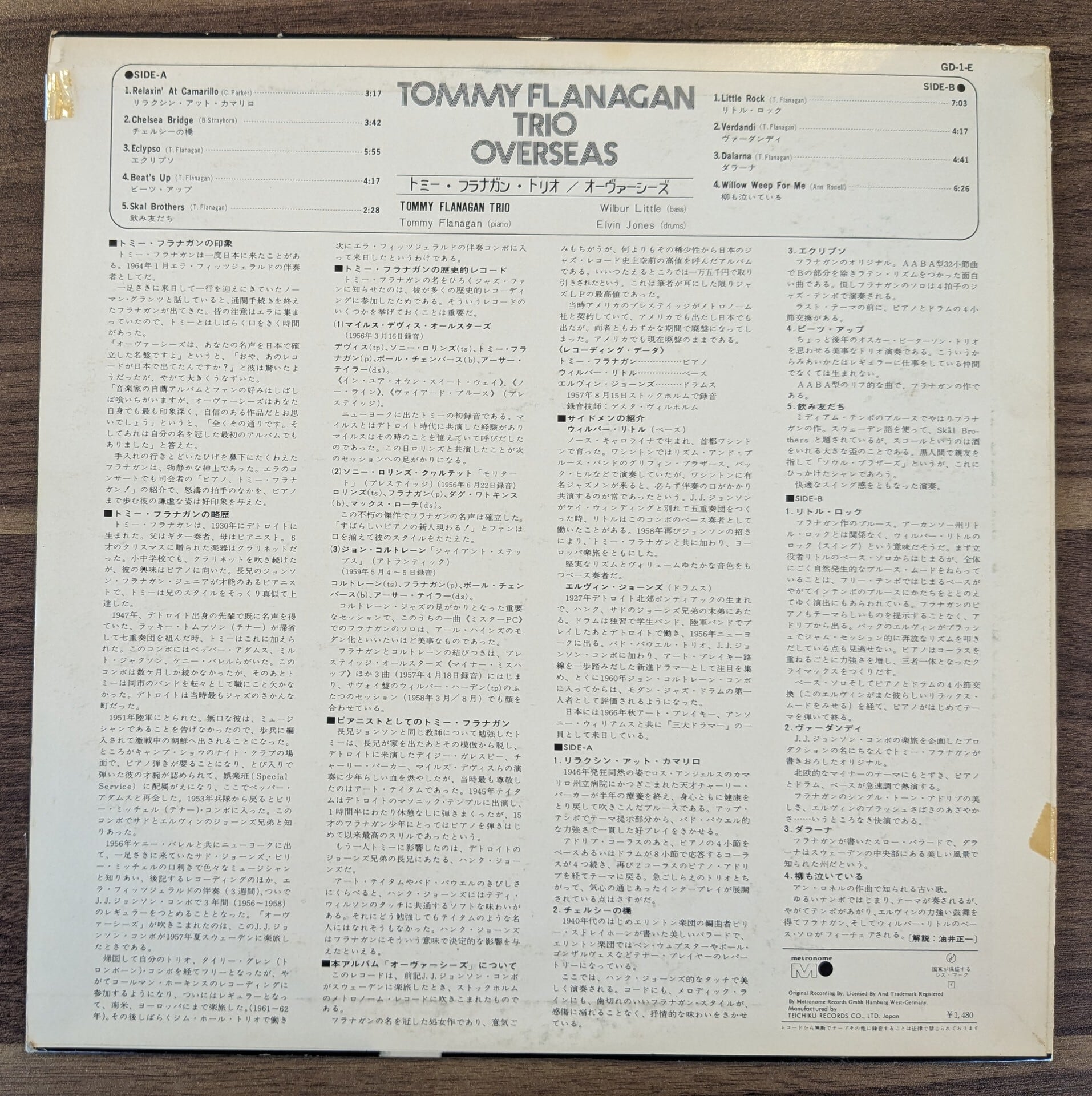 トミー・フラナガン・トリオ「オーヴァーシーズ」:LPレコード
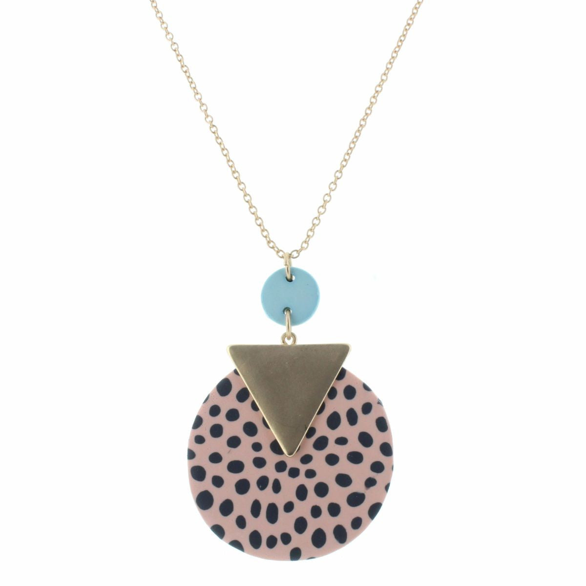Bright polymer clay circles in blue and peach, decorated with dots and highlighted by a charming gold triangle, hang from a 30" chain with an added 3" extender for extra fun and versatility.
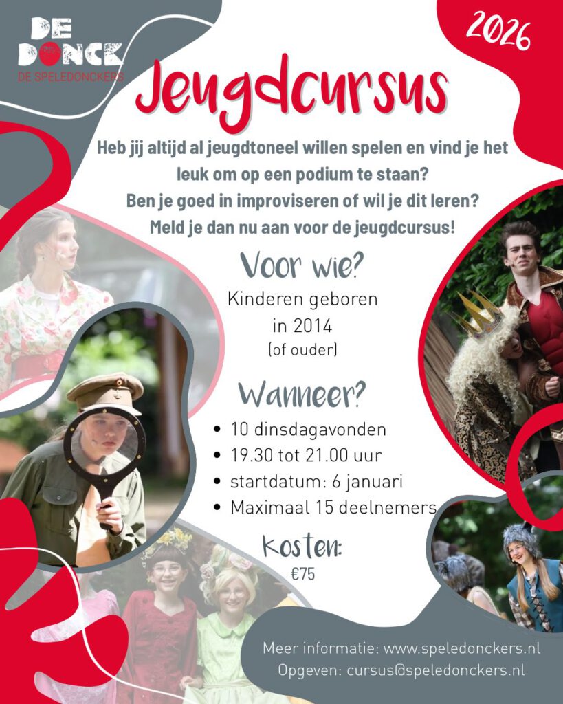 Vanaf  6 januari 2026 organiseert toneelvereniging De Speledonckers uit Someren de cursus jeugdtoneel voor kinderen die nu in groep 8 zitten.
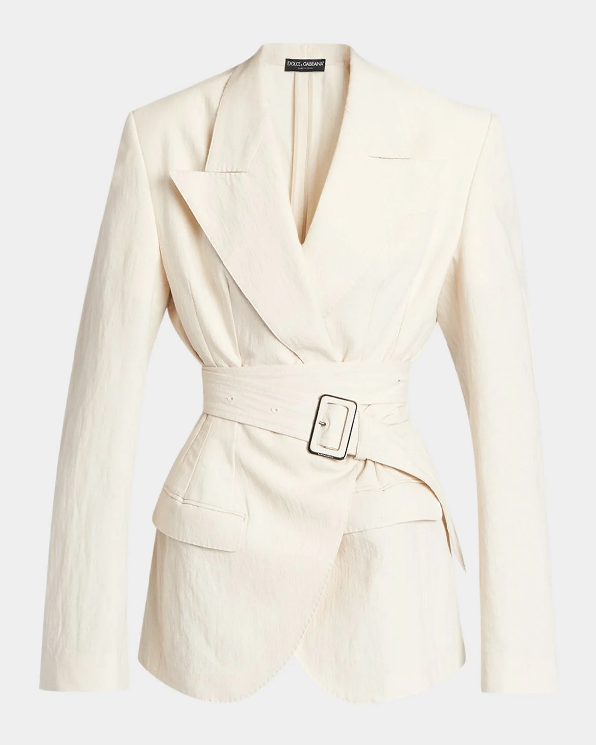A standout piece that captures the essence of power dressing, this oversized Dolce & amp;Gabbana blazer is defined by a menswear-inspired silhouette with dramatic sculpted shoulders, an adjustable tonal belt to cinch the waist, effortlessly balancing volume with a sharp, structural frame. Peak lapels Long sleeves; button cuffs Padded shoulders Side flap pockets Slim fit Hem falls below the hip Walking vent back Adjustable belt closure Cotton/linen Lining: Acetate/silk Dry clean Made in Italy SIZE & FITModel measurements: 5 & apos;10" tallModel is wearing a US size 4/Small
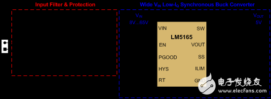 输入滤波器和保护 宽 VIN 低 IQ 同步降压型转换器
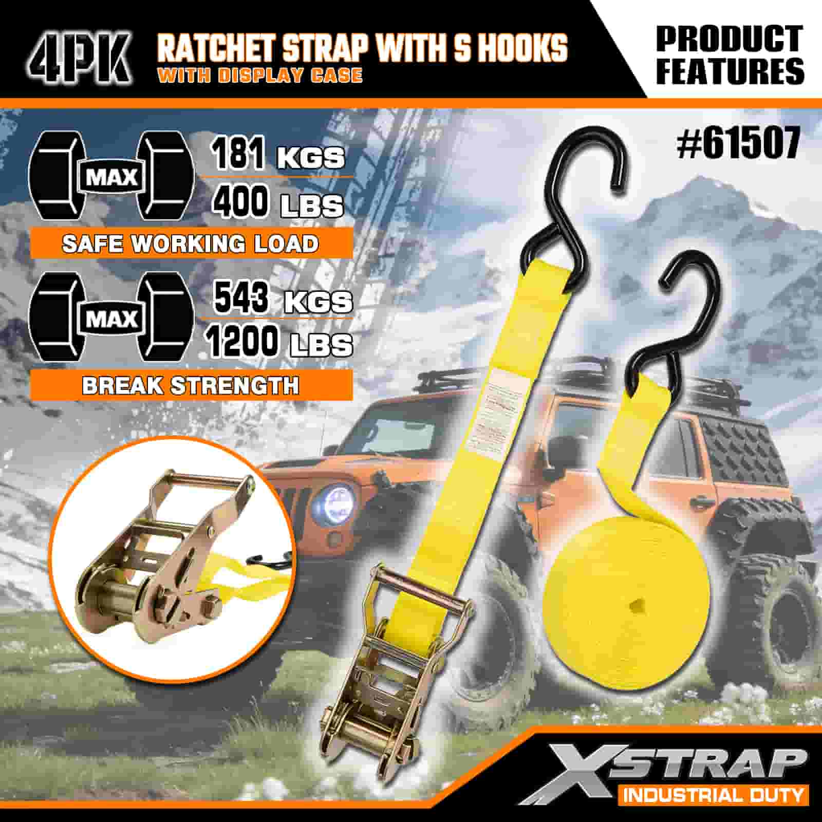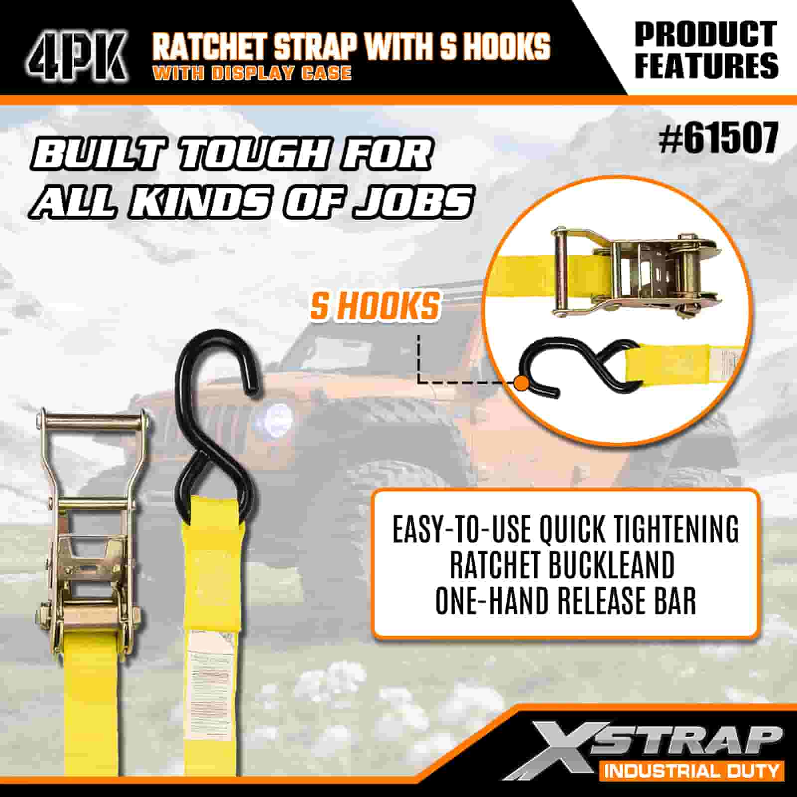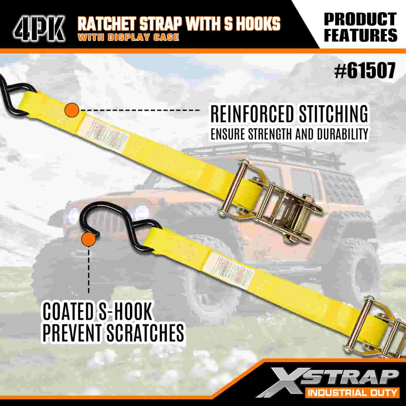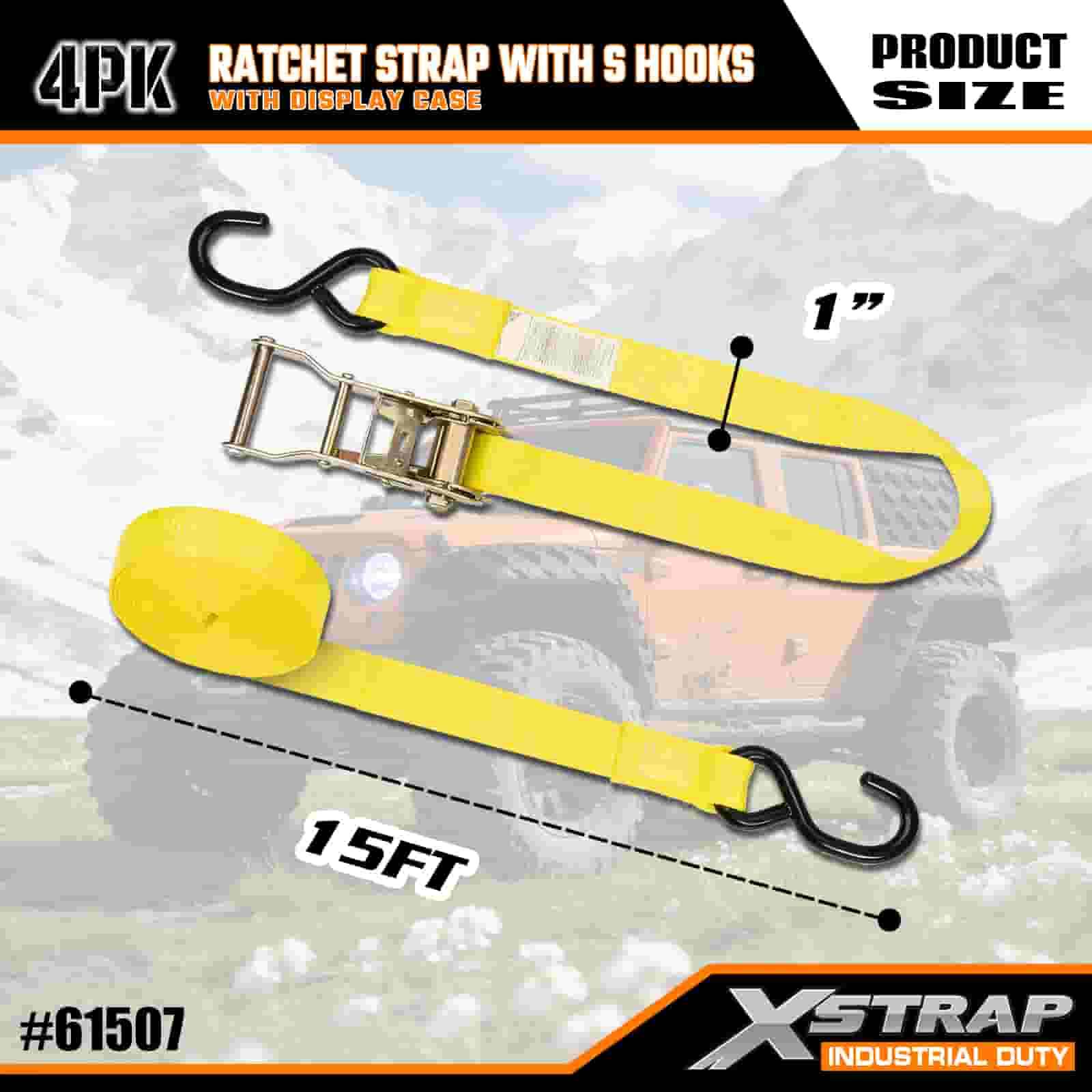 S 후크가 있는 Xstrap 4 팩 래칫 스트랩, 1" x 15' 폴리에스테르 타이다운 스트랩 당김 래칫 스트랩, S 후크가 있는 400lbs 용량 화물 래싱 고정 스트랩, 화물 트레일러, 플랫 베드 트레일러, 스키 보트, 소형 자동차를 고정하는 진지한 전문가용 S 후크 포함.
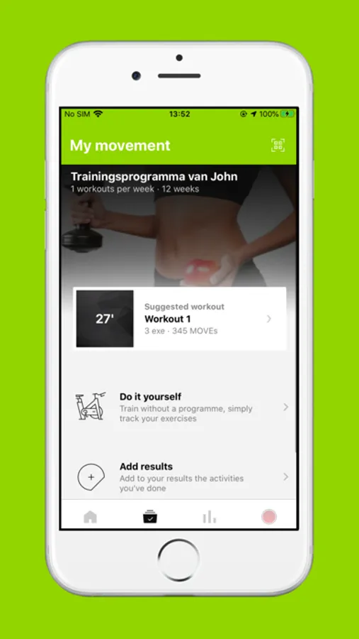 Der schnellste und einfachste Weg ist es, die MOVEs direkt an den Technogym Geräten zu sammeln. Loggen Sie sich mit Ihrem mywellness Account an den Geräten ein und trainieren Sie mit den besten Trainingsprogrammen. Mit der App können Sie sich Ihr Trainingsprogramm, die Details der Übungen und Videos direkt ansehen. Resultate werden automatisch, während Ihrer Trainingseinheit gespeichert.
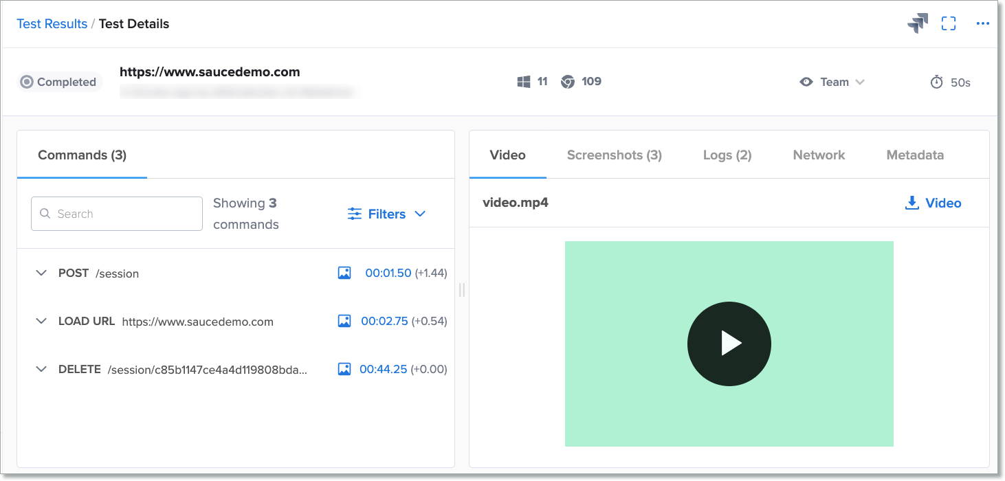 - Click the Metadata tab to see the metadata attached to your test. Some test metadata, such as the test status, can be updated via the Sauce REST API.
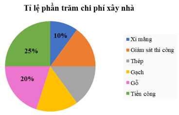 Chi phí xây dựng nhà được biểu diễn qua biểu đồ hình quạt tròn sau:
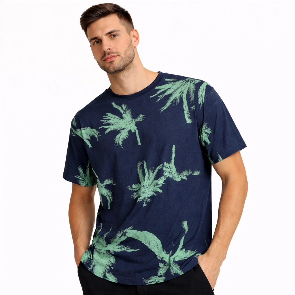 هذا التيشيرت باللون الكحلي يتميز بتصميم استوائي عصري يحمل نقوش نخيل باللون الأخضر الفاتح، مما يمنحه مظهرًا منعشًا ومناسبًا لأجواء الصيف. التباين بين الخلفية الداكنة والنقوش الزاهية يضيف لمسة أنيقة تجمع بين الجرأة والبساطة في نفس الوقت.
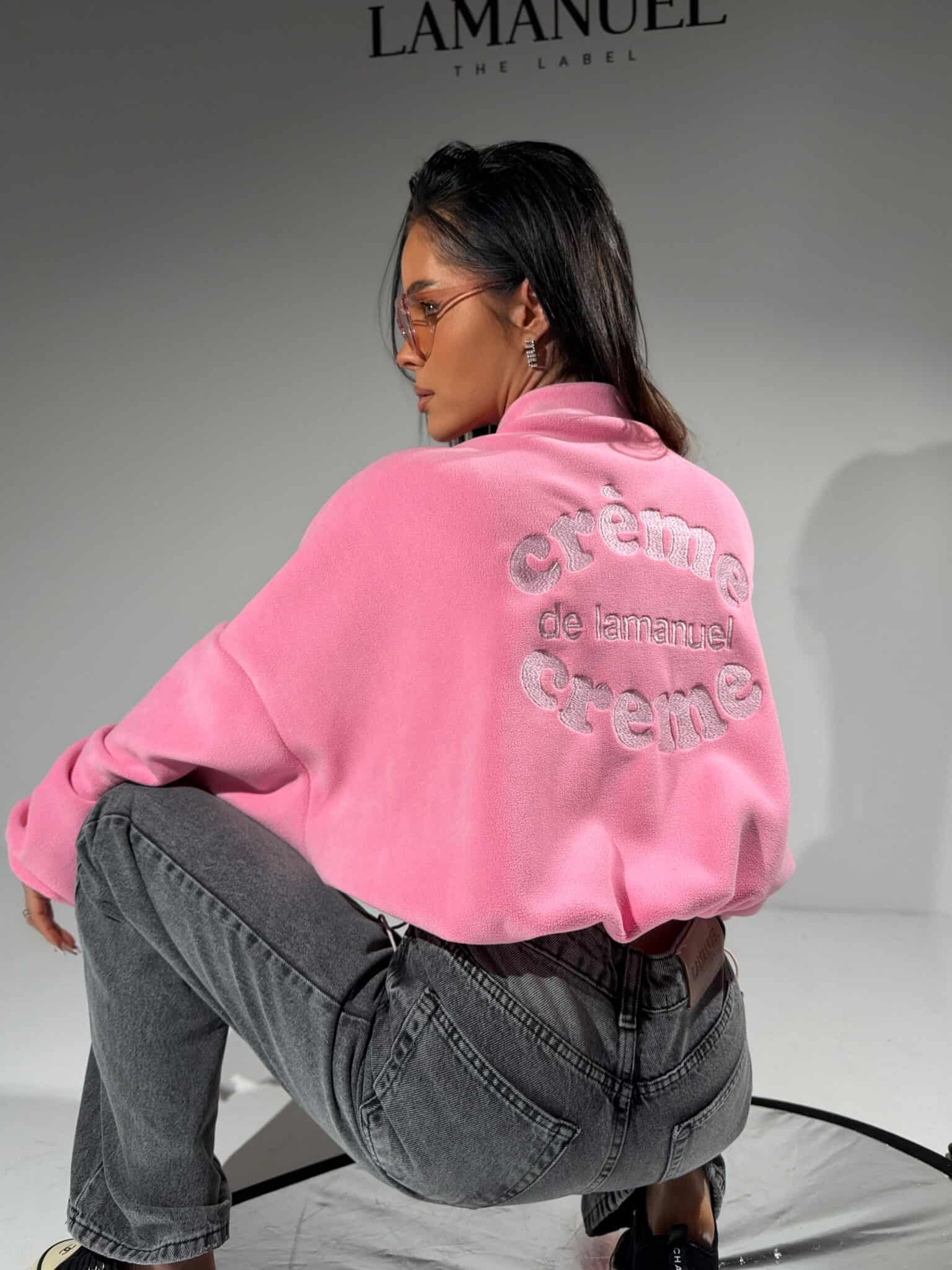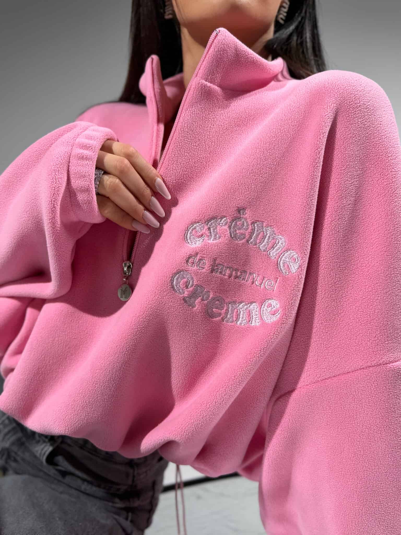 Nasz bestsellerowy krój powraca w nowej odsłonie – tym razem z haftowanym hasłem crème de lamanuel crème, które mówi samo za siebie. Polarowa bluza o oversize’owym kroju z półgolfem i krótkim suwakiem to kwintesencja luzu z paryskim twistem. Miękka, puszysta struktura materiału daje uczucie komfortu i otulenia, a regulowany dół pozwala dopasować fason do sylwetki – noś luźno albo ściągnij dla efektu crop. Ikoniczna, rozpoznawalna, wygodna – nie tylko dla fanek marki, ale dla wszystkich, które wiedzą, że less is more, a styl tkwi w detalach.Skład: 95% poliester 5% elastan
□ □ □ □
• **Work request**:
Everything in the entries above except the pictures should be given again exactly.

• **Solution to this exercise**:
 トミー・フラナガン・トリオ「オーヴァーシーズ」:LPレコード
Bright polymer clay circles in blue and peach, decorated with dots and highlighted by a charming gold triangle, hang from a 30" chain with an added 3" extender for extra fun and versatility.
 Vanaf  6 januari 2026 organiseert toneelvereniging De Speledonckers uit Someren de cursus jeugdtoneel voor kinderen die nu in groep 8 zitten.
A standout piece that captures the essence of power dressing, this oversized Dolce & amp;Gabbana blazer is defined by a menswear-inspired silhouette with dramatic sculpted shoulders, an adjustable tonal belt to cinch the waist, effortlessly balancing volume with a sharp, structural frame. Peak lapels Long sleeves; button cuffs Padded shoulders Side flap pockets Slim fit Hem falls below the hip Walking vent back Adjustable belt closure Cotton/linen Lining: Acetate/silk Dry clean Made in Italy SIZE & FITModel measurements: 5 & apos;10" tallModel is wearing a US size 4/Small
 输入滤波器和保护 宽 VIN 低 IQ 同步降压型转换器
 S 후크가 있는 Xstrap 4 팩 래칫 스트랩, 1" x 15' 폴리에스테르 타이다운 스트랩 당김 래칫 스트랩, S 후크가 있는 400lbs 용량 화물 래싱 고정 스트랩, 화물 트레일러, 플랫 베드 트레일러, 스키 보트, 소형 자동차를 고정하는 진지한 전문가용 S 후크 포함.
 Der schnellste und einfachste Weg ist es, die MOVEs direkt an den Technogym Geräten zu sammeln. Loggen Sie sich mit Ihrem mywellness Account an den Geräten ein und trainieren Sie mit den besten Trainingsprogrammen. Mit der App können Sie sich Ihr Trainingsprogramm, die Details der Übungen und Videos direkt ansehen. Resultate werden automatisch, während Ihrer Trainingseinheit gespeichert.
 - Click the Metadata tab to see the metadata attached to your test. Some test metadata, such as the test status, can be updated via the Sauce REST API.
 Chi phí xây dựng nhà được biểu diễn qua biểu đồ hình quạt tròn sau:
 هذا التيشيرت باللون الكحلي يتميز بتصميم استوائي عصري يحمل نقوش نخيل باللون الأخضر الفاتح، مما يمنحه مظهرًا منعشًا ومناسبًا لأجواء الصيف. التباين بين الخلفية الداكنة والنقوش الزاهية يضيف لمسة أنيقة تجمع بين الجرأة والبساطة في نفس الوقت.
 Nasz bestsellerowy krój powraca w nowej odsłonie – tym razem z haftowanym hasłem crème de lamanuel crème, które mówi samo za siebie. Polarowa bluza o oversize’owym kroju z półgolfem i krótkim suwakiem to kwintesencja luzu z paryskim twistem. Miękka, puszysta struktura materiału daje uczucie komfortu i otulenia, a regulowany dół pozwala dopasować fason do sylwetki – noś luźno albo ściągnij dla efektu crop. Ikoniczna, rozpoznawalna, wygodna – nie tylko dla fanek marki, ale dla wszystkich, które wiedzą, że less is more, a styl tkwi w detalach.Skład: 95% poliester 5% elastan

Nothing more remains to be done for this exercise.